Extracted data entries
=== Begin Enclosure ===

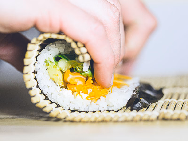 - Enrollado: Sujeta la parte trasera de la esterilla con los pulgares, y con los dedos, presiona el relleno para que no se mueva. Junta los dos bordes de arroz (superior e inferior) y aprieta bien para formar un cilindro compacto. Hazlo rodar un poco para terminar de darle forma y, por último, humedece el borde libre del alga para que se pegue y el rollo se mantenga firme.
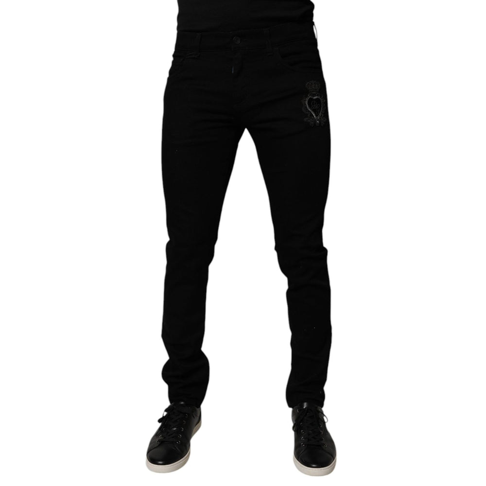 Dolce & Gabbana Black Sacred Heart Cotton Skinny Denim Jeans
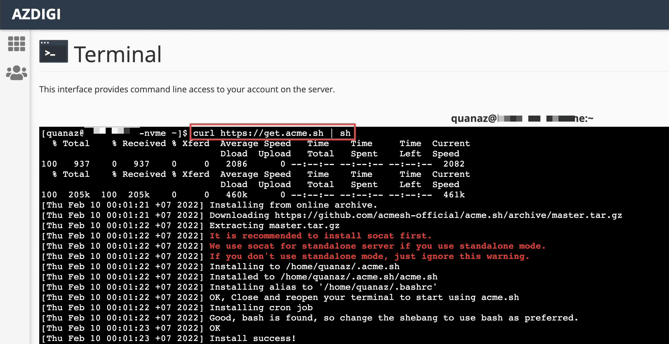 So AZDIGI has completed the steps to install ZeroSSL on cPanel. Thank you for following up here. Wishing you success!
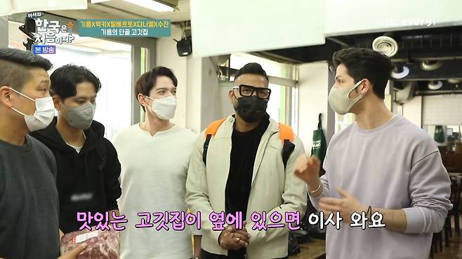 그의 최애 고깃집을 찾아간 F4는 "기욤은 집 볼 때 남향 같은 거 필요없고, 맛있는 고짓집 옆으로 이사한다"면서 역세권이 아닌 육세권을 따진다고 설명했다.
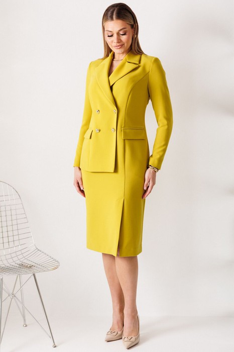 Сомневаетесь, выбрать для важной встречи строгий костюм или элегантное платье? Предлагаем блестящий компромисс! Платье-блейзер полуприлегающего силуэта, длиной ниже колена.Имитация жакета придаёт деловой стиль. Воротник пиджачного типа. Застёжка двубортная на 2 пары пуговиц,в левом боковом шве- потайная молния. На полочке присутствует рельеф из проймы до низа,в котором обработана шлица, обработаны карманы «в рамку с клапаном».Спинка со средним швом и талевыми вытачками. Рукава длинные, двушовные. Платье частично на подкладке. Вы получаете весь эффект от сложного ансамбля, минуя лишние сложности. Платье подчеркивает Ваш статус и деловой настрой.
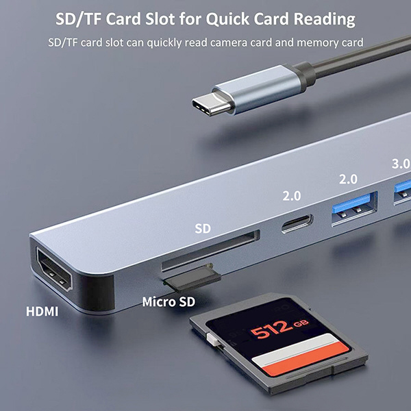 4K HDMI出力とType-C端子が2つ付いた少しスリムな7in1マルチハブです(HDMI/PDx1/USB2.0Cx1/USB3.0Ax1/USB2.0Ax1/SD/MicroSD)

=== End Enclosure ===

Work item:
The lines to reproduce run from the line containing "Dolce & Gabbana" through the last line of the records above, both included. Copy them exactly and drop the pictures.

Result of this exercise:
 Dolce & Gabbana Black Sacred Heart Cotton Skinny Denim Jeans
 So AZDIGI has completed the steps to install ZeroSSL on cPanel. Thank you for following up here. Wishing you success!
 그의 최애 고깃집을 찾아간 F4는 "기욤은 집 볼 때 남향 같은 거 필요없고, 맛있는 고짓집 옆으로 이사한다"면서 역세권이 아닌 육세권을 따진다고 설명했다.
 Сомневаетесь, выбрать для важной встречи строгий костюм или элегантное платье? Предлагаем блестящий компромисс! Платье-блейзер полуприлегающего силуэта, длиной ниже колена.Имитация жакета придаёт деловой стиль. Воротник пиджачного типа. Застёжка двубортная на 2 пары пуговиц,в левом боковом шве- потайная молния. На полочке присутствует рельеф из проймы до низа,в котором обработана шлица, обработаны карманы «в рамку с клапаном».Спинка со средним швом и талевыми вытачками. Рукава длинные, двушовные. Платье частично на подкладке. Вы получаете весь эффект от сложного ансамбля, минуя лишние сложности. Платье подчеркивает Ваш статус и деловой настрой.
 4K HDMI出力とType-C端子が2つ付いた少しスリムな7in1マルチハブです(HDMI/PDx1/USB2.0Cx1/USB3.0Ax1/USB2.0Ax1/SD/MicroSD)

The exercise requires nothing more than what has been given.